We have a firewall connected in one HP procurve 2610 switch port
and another to an internal switch procurve HP 2910. In the first switch (2610) we have
connected the router and in 2910 HP the servers and other final client PCs switches (stacked 2610)
Among all the switches is enabled MRSTP.
It's happened a few times a very strange effect is that LAN firewall port (connected to
2910) stops working and the light from port of the internal switch is turned off.
Removing and reconnecting the cable to the switch will fix the problem, which seems rather odd.
The firewall is a Dell PowerEdge Linux Lince and Ethernet Dual Port Broadcom 5720 NetStreme 100 Mbps card.
The logs of HP2910 shows the following sequences of these events repeated several times:

- Port X is now off-line
- Port X is Blocked by STP
- Port X is now on-line
-ffi: Port X-Excessive Broadcasts. See help.
- Port X is now off-line
- Port X is Blocked by STP

where X is the LAN port on the firewall, ie the STP blocking port.
I checked cables between switches that the firewall is connected
and there is no physical loop.
On the other hand the situation, using switches commands, is characterized by:
-there is no change of STP topology
-topology changes counter doesn't increase
-STP on the switch blocks LAN firewall port
Software releases are: W.14.03 for 2910 and R.11.25 for 2610. I checked fixes but I
couldn't find any related with MRSTP or Broadcom NICs.

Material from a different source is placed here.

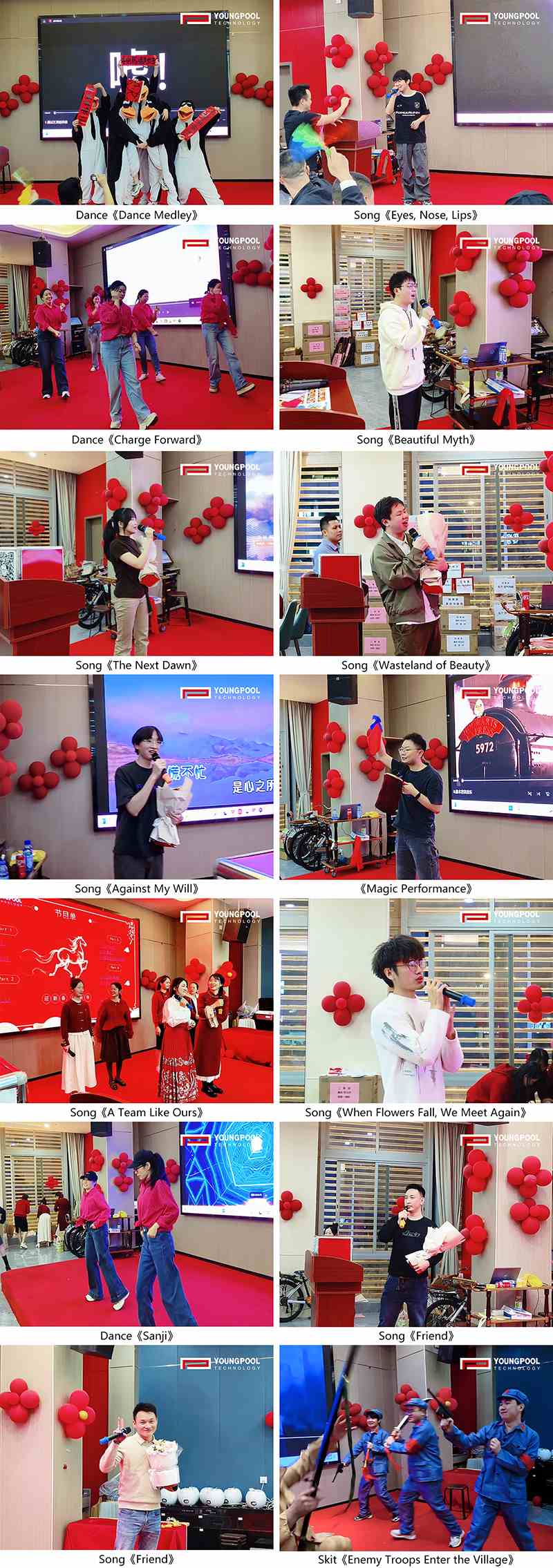 As the applause for recognition gradually subsided, the stage transformed into a celebration of joy. With music filling the hall, performances unfolded one after another. Youngpool team members took to the stage—some delivering heartfelt songs, others performing energetic dances, and still others presenting comedic sketches—bringing a vibrant and engaging audio-visual experience to the audience.

Does anybody what's happening?

Best Regards and thanks in advance.
 
Solution
Its hard to say why it thinks 2m broadcast is excessive. It is less than 1% of all traffic which is pretty normal. Maybe there is a switch setting that is set too low. You likely can disable this feature that is looking for excessive broadcast,I forget exactly how on procurve. Tends to be a risky thing to do if there really are broadcast packets.
If it actually is blocking because of spanning tree it is seeing a BPDU come in the wrong port....or it may see a bpdu on a edge port if you have it configured as a edge.

The firewall has to be guilty but it is hard to say. Almost impossible to guess.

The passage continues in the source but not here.